I have been using RLlib (using PPO) successfully with my custom environment for a while. So far, I ran RLlib locally or by installing and starting different experiments/sessions manually on each VM.
I would now like to run a single session on a cluster across multiple private machines (not public cloud). I tried following the documentation here and the example cluster config here, but it doesn’t work and I’m struggling to understand how it should.
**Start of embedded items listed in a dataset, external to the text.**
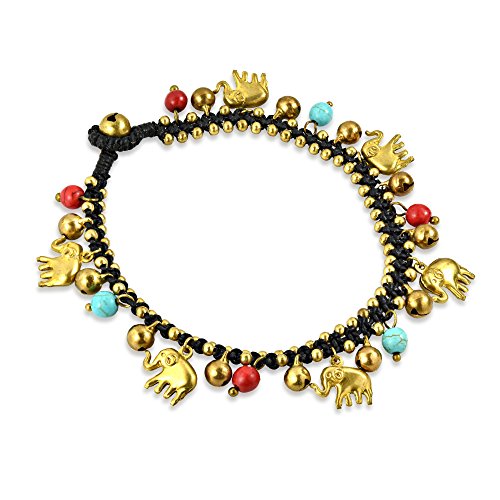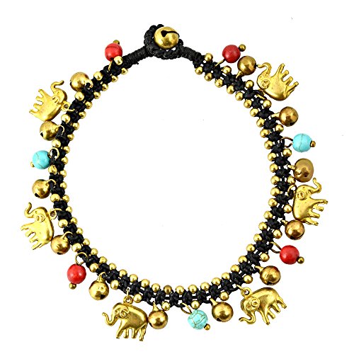 Natural stones and fashion brass beads charms adorn this beautiful artisan crafted anklet handmade by Khun Bird from Thailand. Made from reconstructed red coral and simulated turquoise with light 'jingle ball' and elephant charms, this piece can be worn by women and young girls of all ages. Great for festivals, outdoor events or a beach getaway! PLEASE NOTE: The handcrafted nature of this product will produce minor differences in design, sizing and weight. Variations will occur from piece to piece, measurements may vary slightly.AERAVIDA works directly with gifted and talented Artisans from all over the world. At the core of our philosophy is fair trade and fostering a sustainable future for our Artisans.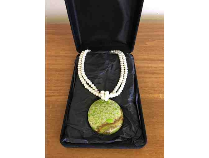 Check out htis beautiful double strand of pearls with a precious stone pendant.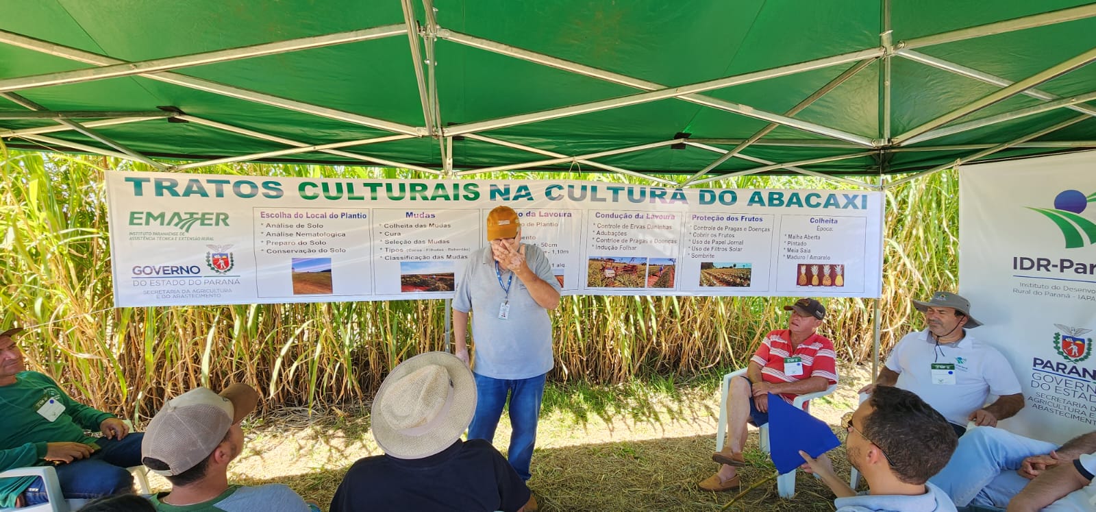 Ciente dos desafios, “seo” Moreira é frequente participante de atividades técnicas e agora trabalha em sua propriedade a transição da produção convencional de abacaxi para o plantio no mulching, técnica de cobertura do solo com um plástico filme, de baixo custo. A inovação levou o IDR-PR e a Prefeitura de Terra Rica a organizarem um dia de campo para produtores profissionais técnicos e estudantes.
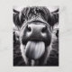 Schicken Sie Lächeln mit unserer schwarz-weißen Postkarte, die eine spielerische Kuh auf der Zunge zeigt. Ideal, um Lachen und herzliche Grüße zu teilen, ist es eine wunderbare Möglichkeit, jemandes Tag mit einer Touch von Launen aufzuheitern.

I tried taking and adjusting the example config, saving it to
config.yaml, and then running on the machine that’s supposed to be my cluster head:
ray up cluster.yaml
This initially failed saying that some fields were unexpected and didn’t match the JSON schema (e.g.,
After commenting these lines in the config and running the command again, it now errors with:
2021-02-01 16:09:45,451 INFO command_runner.py:542 -- NodeUpdater: ray01.css.upb.de: Running ssh -tt -i ~/.ssh/id_rsa -o StrictHostKeyChecking=no -o UserKnownHostsFile=/dev/null -o IdentitiesOnly=yes -o ExitOnForwardFailure=yes -o ServerAliveInterval=5 -o ServerAliveCountMax=3 -o ControlMaster=auto -o ControlPath=/tmp/ray_ssh_2e970e822e/070dd72385/%C -o ControlPersist=10s -o ConnectTimeout=120s firstname.lastname@example.org bash --login -c -i 'true && source ~/.bashrc && export OMP_NUM_THREADS=1 PYTHONWARNINGS=ignore && (ray stop)' Command 'ray' not found, did you mean: command 'raw' from deb util-linux (2.34-0.1ubuntu9.1) command 'rar' from deb rar (2:5.5.0-1build1) command 'say' from deb gnustep-gui-runtime (0.27.0-5build2) command 'ra6' from deb ipv6toolkit (2.0-1) command 'ra' from deb argus-client (1:220.127.116.11-5ubuntu1) Try: sudo apt install <deb name> Shared connection to 127.0.1.1 closed.
How is this supposed to work? I have
ray installed locally in a virtualenv both on my head node machine (which I called ray01) and on the other machine (ray03). Why does it say,
ray is not installed?
I commented the
docker field in
cluster.yaml since I don’t have
docker installed yet and don’t necessarily want to. Do I have to?
As I understand it, the
ray up cluster.yaml command would just start the cluster, but not run anything on it yet, right? How would I then run my custom environment? Could I just attach to the cluster and run the command that I typically run locally, eg,
myenv --arg1 1 --arg2 2, and it would run it across both machines in the cluster?
Is there any example for running RLlib in a (private) cluster?